Thursday, August 25, 2011


The Ocean Princess docked in Torshavn on the first sunny day we had seen since we arrived in Paris over a week ago. This is ironic because the climate is similar to that in Bergen--it rains 260 days a year. Because of the Gulf Stream, The Faroes have relatively mild winters and cool summers. Torshavn, which means "Thor's Harbor" is the capital of this self governing region of Denmark. The islands are literally in the middle of nowhere--North of Scotland, West of Norway, and Southeast of Iceland in the North Atlantic. They consist of 18 islands, some uninhabited, and only 50,000 people live in the whole country. The people are called Faroese, and they have their own language of the same name, derived from the Old Norse language of the Vikings.

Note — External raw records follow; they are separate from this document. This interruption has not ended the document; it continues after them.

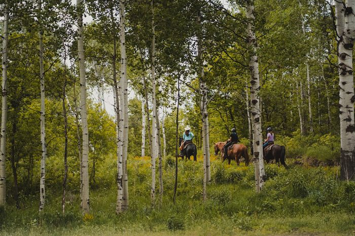 Enjoying horseback riding in the summer with outstanding views through the Aspens.
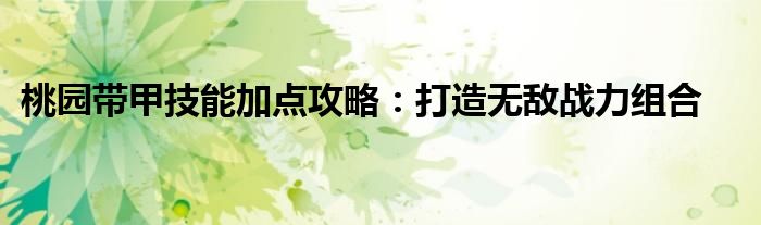 本文将详细介绍在桃园游戏中如何为带甲技能进行合理的技能点分配,以帮助你打造一个无敌的战力组合。通过优化技能配置,你将能更高效地完成任务,提高游戏体验。
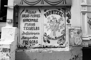 This black-and-white photograph showcases a vibrant food advertisement plastered on a rustic wall, celebrating the flavors of Mexican cuisine. The bold lettering and playful illustrations contrast against the peeling paint, evoking a sense of authenticity and nostalgia. The composition draws the eye to the lively subject, while the muted tones create a mood of urban charm and warmth.
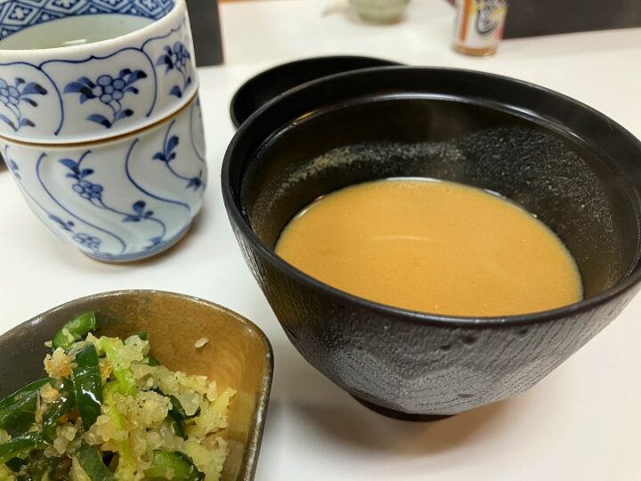 アサリのお出汁がシッカリ香る味噌汁は、どことなく卵の風味。珍しい。
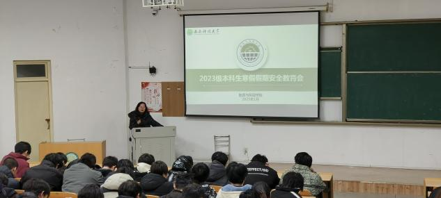 1月6日,为扎实推进2025年寒假安全教育管理工作,学院于骊山校园9教105室召开2023级本科生寒假安全教育大会,辅导员韩蕊主持,23级全体学生参会。
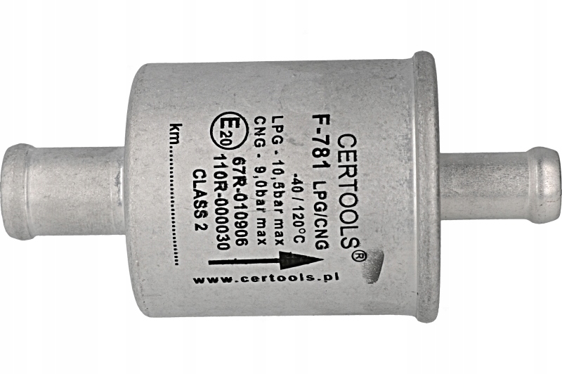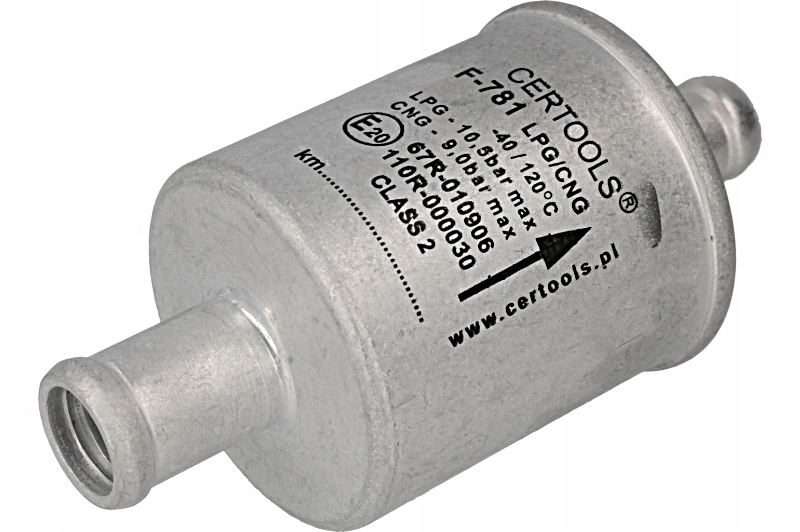 Один -временный фильтр в алюминиевом теле с общей длиной 98 миллиметров. Вход газа диаметром 16 миллиметров, выходной газ диаметром 12 миллиметров, полиэфирная вставка фильтра, направление потока газа на корпусе. Квалификационное давление 450 кПа, диапазон рекомендуемой рабочей температуры от -40 до +120 градусов по Цельсию.

Torshavn is a town of 13,000 with a harbor which can accommodate large ships. It is a pretty town on the side of a hill. The people live in colorfully painted houses with steeply sloped roofs. Many houses have grass roofs.

We drove an hour out of town to Vestmanna ("West Men") on the island of Streymoy. This area is known for its spectacular sheer cliffs, 2000 feet high, rising out of the water, which provide a home to millions of seabirds. Our small double-decked boat seated about 30 people. It was small enough to sail close to the rocky cliffs and through narrow channels and natural arches carved from the rocks by the ocean. Braving the cold winds, we sat outside on the top deck, and we were required to wear yellow hard hats to protect against the occasional falling rock. Kittiwakes, fulmars, guillemots and even puffins nested in the rock faces. Most looked like seagulls to the untrained eye. We could see the faces of the young birds peeking out of their nests.

Sheep roamed freely on the steep slopes, grazing on the grass. The farmers constructed fences to prevent wayward sheep from falling into the surf. Someone suggested that the sheep had Velcro on their hoofs, so they wouldn't roll off the steep grade. There were no trees, and it was explained to us that the sheep would eat the seedlings. Farming is minimal because of the short growing season. They do grow root vegetables like potatoes and carrots.

The other major industry is salmon farming. Salmon pens, large circles in the water, were scattered around the islands. About 90% of the Faroes' exports are fish, and 20%of these are farm raised.

In Torshavn, an elderly man confronted us on the street, handing (but not selling) us a photo of a cross that appeared in the sky on Ascension Day. He owned a small shop selling religious artifacts a few doors down, and we stopped in. In New York or Chicago, we would ignore the guy, but Dianne is much nicer to these people than I would be. We purchased a few postcards in his shop.